| GIVEN ENTRIES |
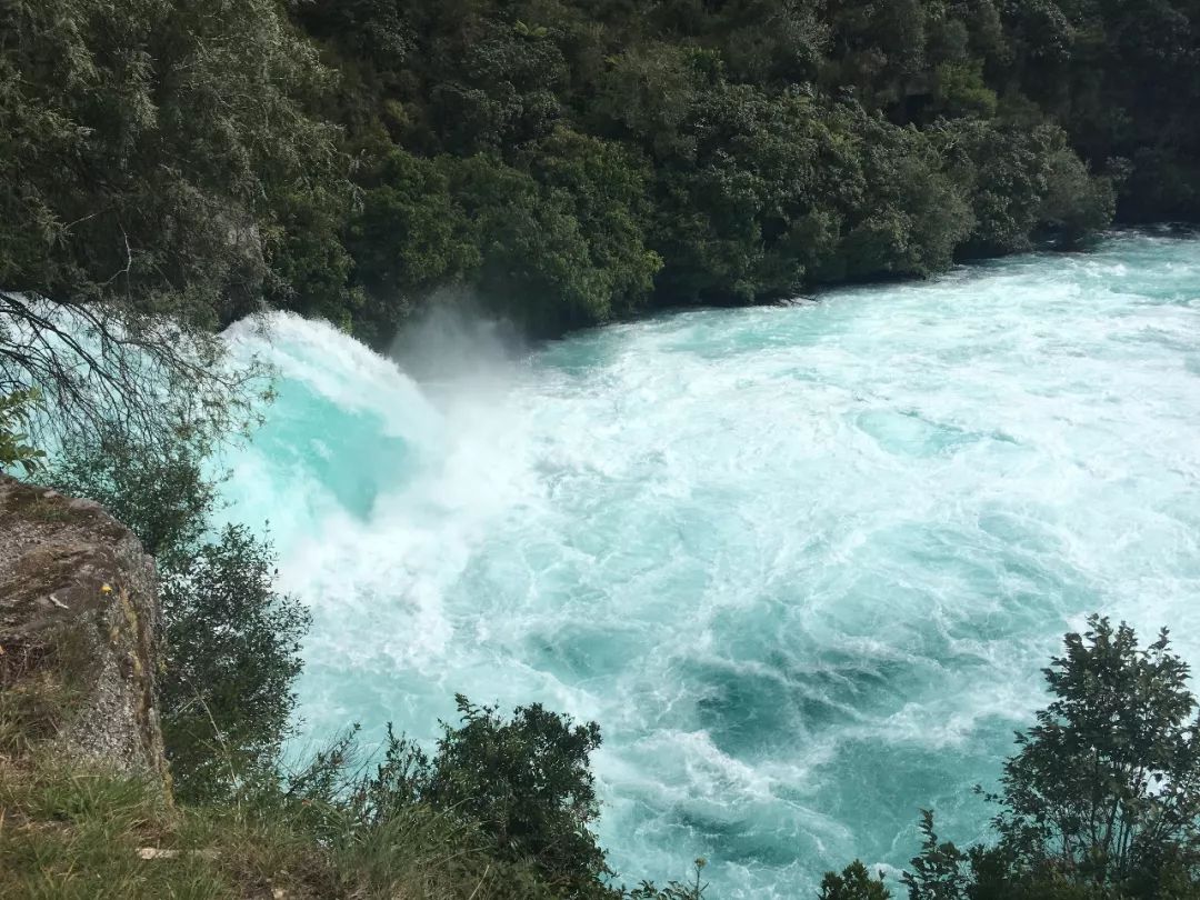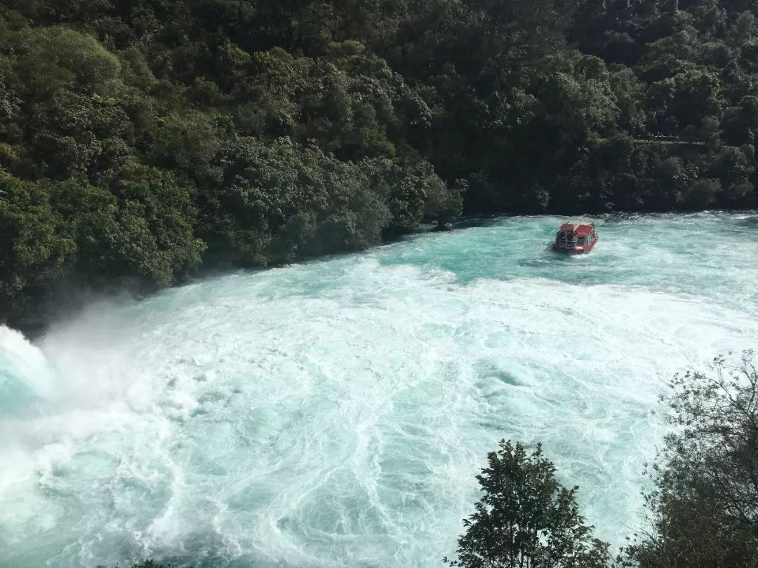 浅蓝如宝石的怀卡托河突然收紧,有了落差,产生喷射及向下的巨大动力,形成泡沫般的水瀑宣泄而下,故当地人称此瀑布为“Huka”,在毛利语里,是泡沫的意思,对的,不ps,就是这么蓝!真的很夸张~
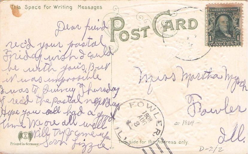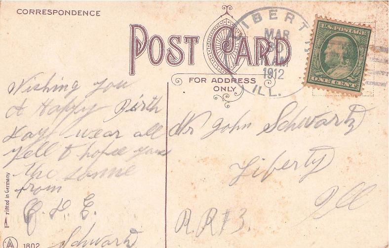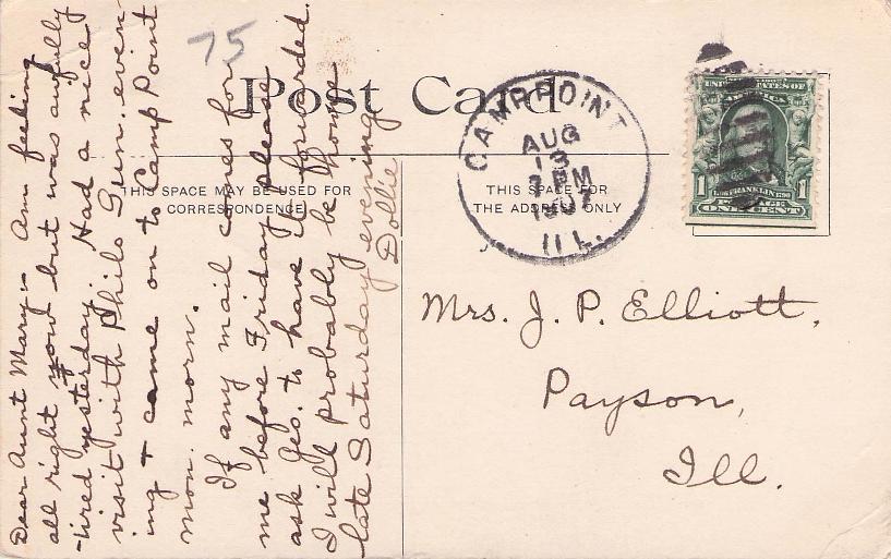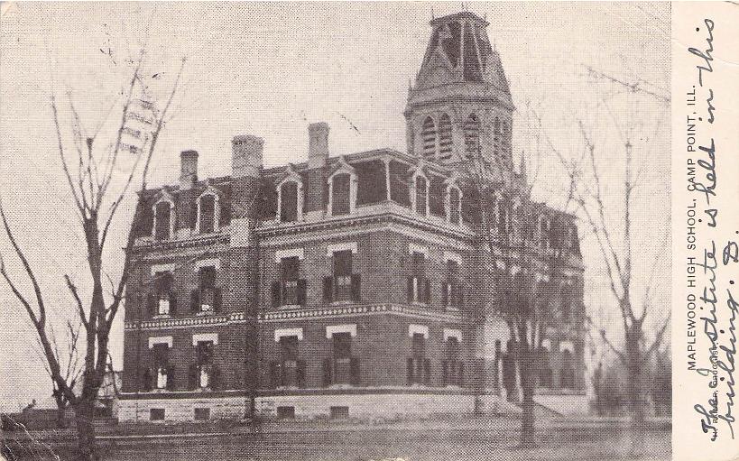 - Camp Point 1907 duplex on post card, view of Maplewood High School in Camp Point; 1910 cds with Chicago precancel stamp on post card
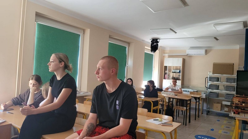 W trakcie zajęć poruszono również zagadnienia związane z innowacjami ekologicznymi 🌱💡. Uczniowie dyskutowali o wyzwaniach i możliwościach, jakie niesie ze sobą praca w nowoczesnych, proekologicznych przedsiębiorstwach oraz wymieniali pomysły dotyczące zastosowania rozwiązań przyjaznych środowisku w branżach, w których będą odbywać praktyki.
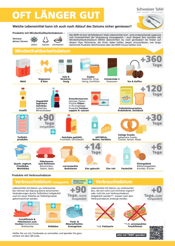 Wie viele Tage länger können wir Lebensmittel noch essen? Leaflet der Schweizer Tafel
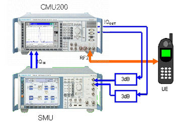 而現在的衰落仿真則通常直接在基帶中實現。在此,我們選擇R&S公司(羅德與施瓦茨公司)的無線綜合測試儀CMU200用于產生WCDMA的下行信號;使用矢量信號發生器SMU200進行衰落以及AWGN仿真。首先由CMU200產生下行信號,直接在基帶引出其I/Q信號,經SMU200進行衰落仿真后,再把相應的信號引回到CMU200,然后經其射頻端口輸出,如圖5所示。
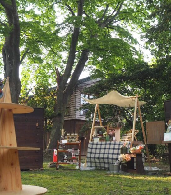 古道具のある立派な庭のマルシェでご利用いただきました。
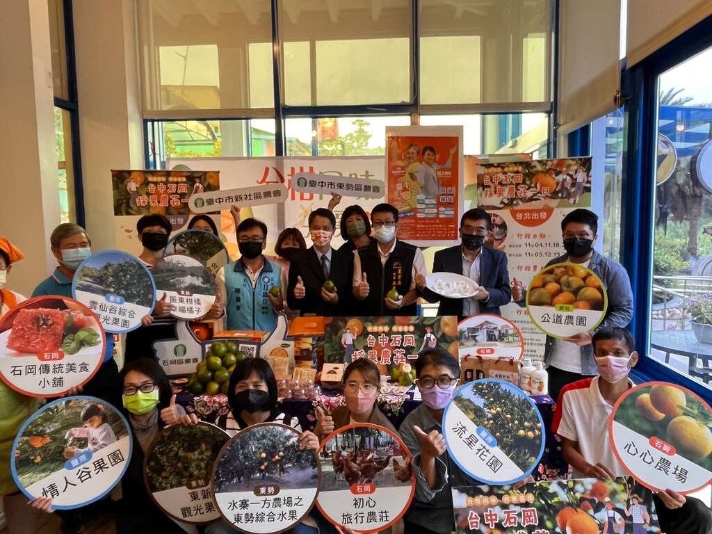 台中市政府農業局與石岡區農會共同輔導食水嵙休閒農業區,今(20)日在食水嵙休閒農業區石農咖啡館舉辦「分柑同味 共襄盛橘 採橘趣」遊程記者會,介紹今年度推出的2款採果農莊1日遊程,歡迎大家11月到台中石岡採橘趣、探索客家農村的純樸魅力,且即日起至12月24日在台中消費均可參加台中購物節,登錄抽大獎!
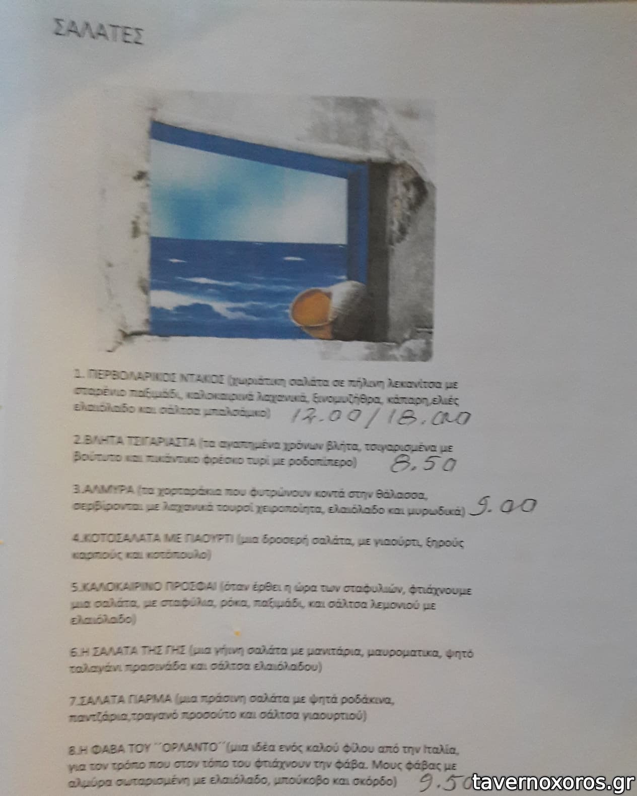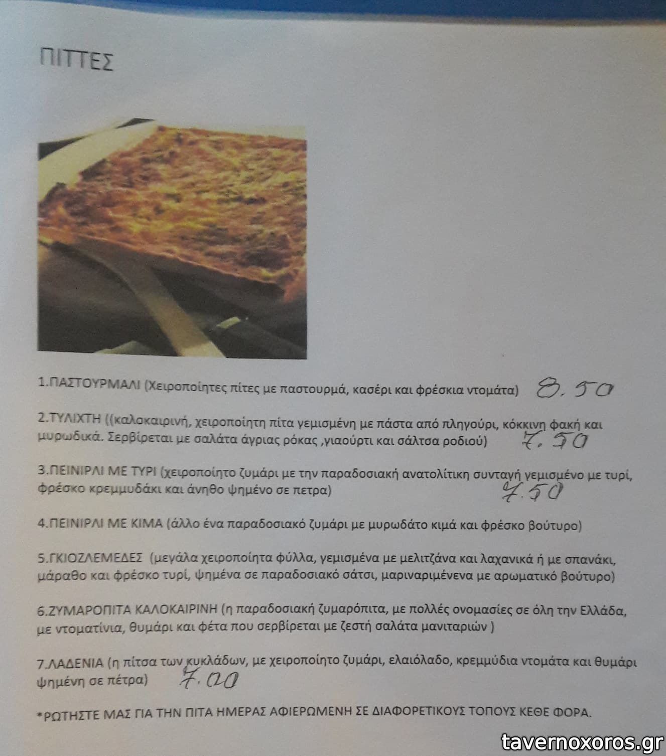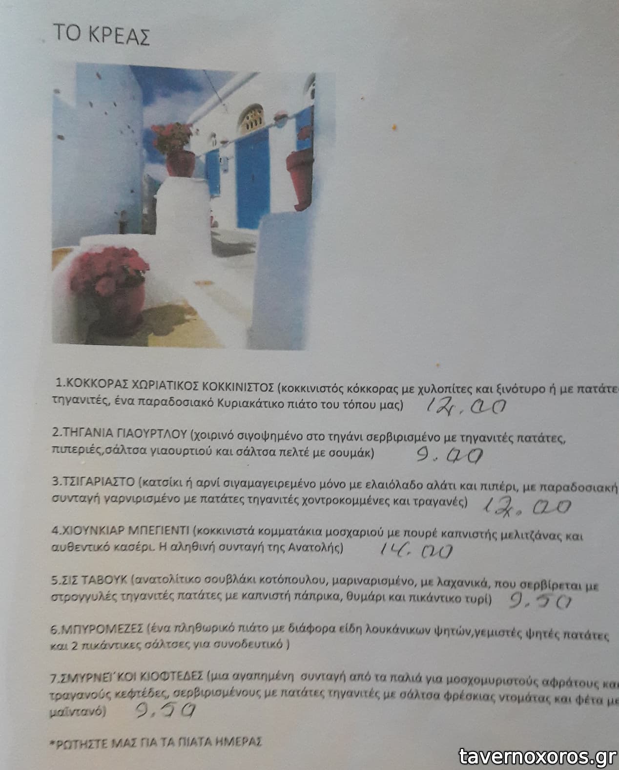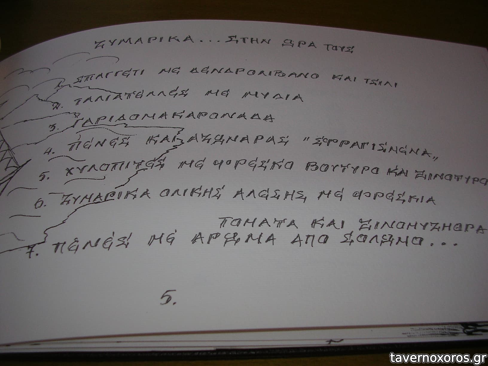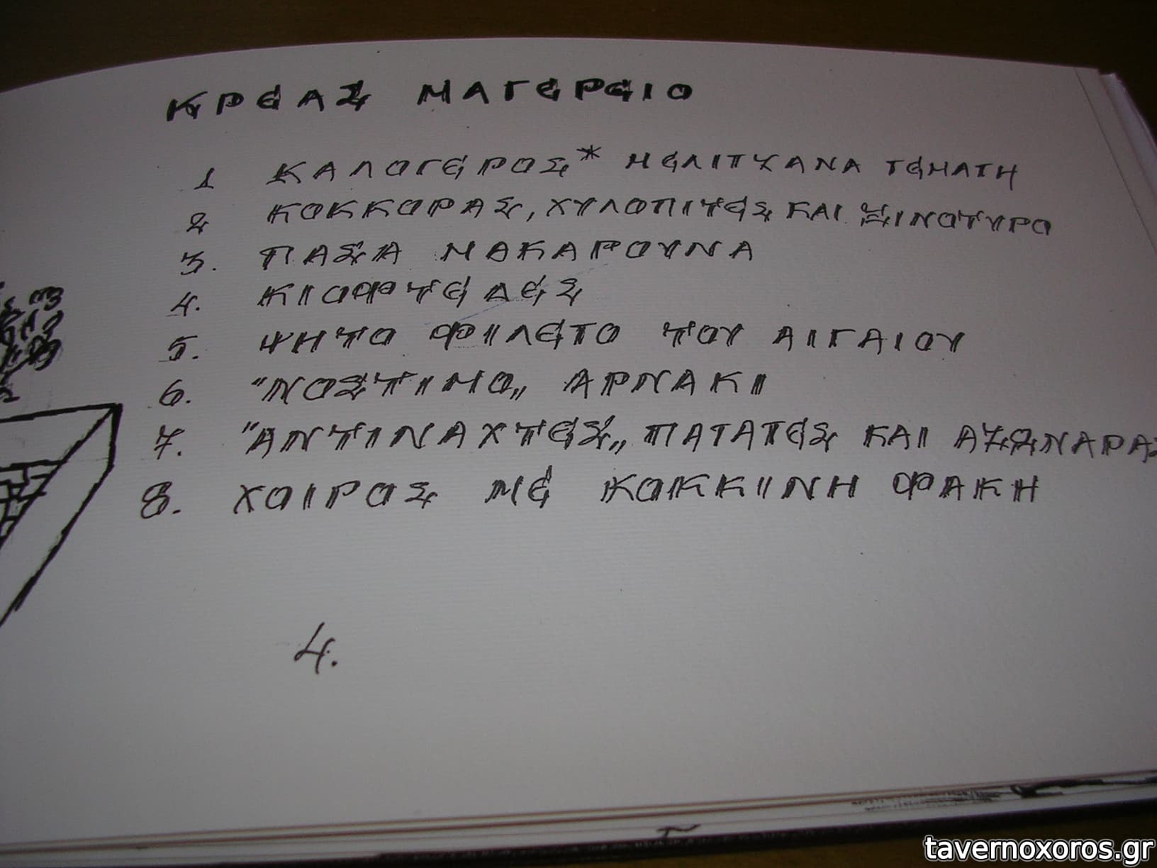 Πέρα από τα του καταλόγου έχει και διάφορα πιάτα κάθε ημέρα. Δοκιμάστηκαν γίγαντες τηγανιτοί που ήταν αδιάφοροι μιας και μέσα δεν ήταν μαλακοί και καταλάβαινες μόνο κουρκούτι, κόκορας κρασάτος κοκκινιστός (καλός αν και ήρθε κρύος) και τσιγαριαστό που ήταν καλό. Ροζέ κρασί από Νάξο καλό. Οι μερίδες του μεγάλες οπότε να είσαστε προετοιμασμένοι, οι τιμές τσιμπημένες.

| EXERCISE OBJECTIVE |
Restate the data word for word without pictures.

| ANSWER SPACE |
 浅蓝如宝石的怀卡托河突然收紧,有了落差,产生喷射及向下的巨大动力,形成泡沫般的水瀑宣泄而下,故当地人称此瀑布为“Huka”,在毛利语里,是泡沫的意思,对的,不ps,就是这么蓝!真的很夸张~
 - Camp Point 1907 duplex on post card, view of Maplewood High School in Camp Point; 1910 cds with Chicago precancel stamp on post card
 W trakcie zajęć poruszono również zagadnienia związane z innowacjami ekologicznymi 🌱💡. Uczniowie dyskutowali o wyzwaniach i możliwościach, jakie niesie ze sobą praca w nowoczesnych, proekologicznych przedsiębiorstwach oraz wymieniali pomysły dotyczące zastosowania rozwiązań przyjaznych środowisku w branżach, w których będą odbywać praktyki.
 Wie viele Tage länger können wir Lebensmittel noch essen? Leaflet der Schweizer Tafel
 而現在的衰落仿真則通常直接在基帶中實現。在此,我們選擇R&S公司(羅德與施瓦茨公司)的無線綜合測試儀CMU200用于產生WCDMA的下行信號;使用矢量信號發生器SMU200進行衰落以及AWGN仿真。首先由CMU200產生下行信號,直接在基帶引出其I/Q信號,經SMU200進行衰落仿真后,再把相應的信號引回到CMU200,然后經其射頻端口輸出,如圖5所示。
 古道具のある立派な庭のマルシェでご利用いただきました。
 台中市政府農業局與石岡區農會共同輔導食水嵙休閒農業區,今(20)日在食水嵙休閒農業區石農咖啡館舉辦「分柑同味 共襄盛橘 採橘趣」遊程記者會,介紹今年度推出的2款採果農莊1日遊程,歡迎大家11月到台中石岡採橘趣、探索客家農村的純樸魅力,且即日起至12月24日在台中消費均可參加台中購物節,登錄抽大獎!
 Πέρα από τα του καταλόγου έχει και διάφορα πιάτα κάθε ημέρα. Δοκιμάστηκαν γίγαντες τηγανιτοί που ήταν αδιάφοροι μιας και μέσα δεν ήταν μαλακοί και καταλάβαινες μόνο κουρκούτι, κόκορας κρασάτος κοκκινιστός (καλός αν και ήρθε κρύος) και τσιγαριαστό που ήταν καλό. Ροζέ κρασί από Νάξο καλό. Οι μερίδες του μεγάλες οπότε να είσαστε προετοιμασμένοι, οι τιμές τσιμπημένες.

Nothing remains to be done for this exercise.